The same team of French researchers behind the 2014 revival of two giant viruses had also managed to revive 8 more ancient amoeba-infecting viral species. Four of these species were from the pandoravirus, cedratvirus (sometimes classified as a subgroup of pithovirus), megavirus and pacmanvirus (part of Asfarviridae) families, which weren't previously revived from the permafrost. In addition, five more species from these families were found in already thawed permafrost, with no way to tell their age. The oldest revived virus was a 48,500-year-old Pandoravirus yedoma.

==Current scientific understanding==
Scientists are split on whether revived microorganisms from the permafrost can pose a significant threat to humans. Jean-Michel Claverie, who led the most successful attempts to revive such "zombie viruses", believes that the public health threat from them is underestimated, and that while his research focused on amoeba-infecting viruses, this decision was in part motivated by the desire to avoid viral spillover as well as convenience, and "one can reasonably infer" other viral species would also remain infectious. Another professor, Birgitta Evengård, argued that permafrost thaw would eventually uncover microorganisms older than the human species, and to which there would be no preexisting immunity. In the same interview, Claverie had even suggested that ancient microorganisms might have had caused or contributed to the extinction of Neanderthals or mammoths, and that those may still be preserved in the permafrost. On the other hand, University of British Columbia virologist Curtis Suttle argued that "people already inhale thousands of viruses every day, and swallow billions whenever they swim in the sea". In his view, the odds of a frozen virus replicating and then circulating to a sufficient extent to threaten humans "stretches scientific rationality to the breaking point".

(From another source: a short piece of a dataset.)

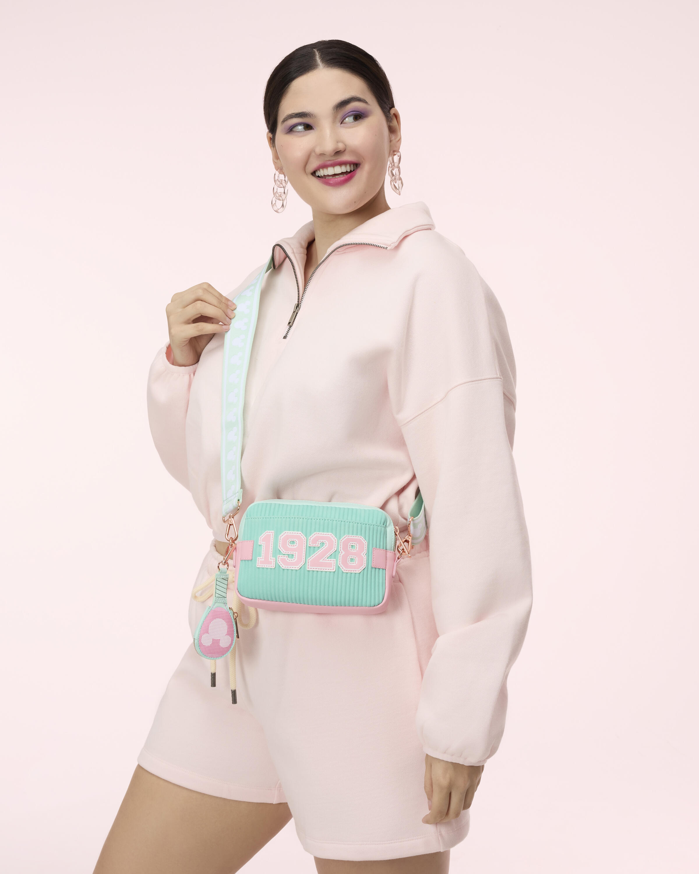 Diese Umhängetasche vereint Disney-Stil mit Tennis- mode. Auf der Vorderseite befindet sich ein pinkfarbenes Rautenmuster mit einem dreidimensionalen Metallanhänger in Form von Mickey Mouse! Dreht man die Tasche um, entdeckt man eine pinkfarbene Applikation auf grünem Grund mit der Aufschrift „1928“. Am Schulterriemen ist ein Münzbeutel in Form eines Tennisschlägers befestigt! Mit dieser Tasche gewinnst du jeden Style-Wettbewerb!

While some point to the 2016 Yamal Peninsula outbreak as an example of dangers associated with the thaw, others argue that anthrax is not a pathogen which can spread contagiously between humans, and that it has been known for its ability to remain dormant in the soil since the Middle Ages, without requiring the cold to do so. Some scientists have argued that Hultin's inability to revive thawed influenza virus, as well as other researchers' failure to revive pneumonia-causing bacteria or smallpox viruses show that pathogens adapted to warm-blooded hosts cannot survive being frozen for a prolonged period of time. However, many of the amoeba-infecting viruses revived in Claverie's 2023 research were taken from a ~27,000-year-old site with "a large amount of mammoth wool", and one species, Pacmanvirus lupus, was found in the intestine of an equally old Siberian wolf carcass.

There is some agreement that revived bacteria would be less dangerous than the revived viruses, since they would still be affected by broad-spectrum antibiotics and would not require wholly new treatments. However, they would not be completely vulnerable either, due to the discovery of ancient antibiotic resistance genes in permafrost samples. Antibiotics to which permafrost bacteria have displayed at least some resistance include chloramphenicol, streptomycin, kanamycin, gentamicin, tetracycline, spectinomycin and neomycin. Some scientists consider horizontal gene transfer of novel antibiotic resistance sequences from otherwise harmless ancient bacteria into modern pathogens to be a far more realistic threat than a revival of an ancient pathogen. At the same time, other studies show that resistance levels in ancient bacteria to modern antibiotics remain lower than in the contemporary bacteria from the active (thawed) layer above them, suggesting that this risk is "no greater" than in any other soil.

According to a 2023 interview with Marion Koopmans, the head of the Netherlands' Versatile Emerging infectious disease Observatory (VEO), precautions taken by the researchers studying potentially risky sites in Greenland include not starting new digs and only analyizing the locations which were already going to be studied by archeologists, wearing protective gear while in the field, and operating under high BSL standards in the lab. If a place was found to harbour a potentially dangerous microorganism, they have the authority to advise the Naalakkersuisut to shut down access to the area.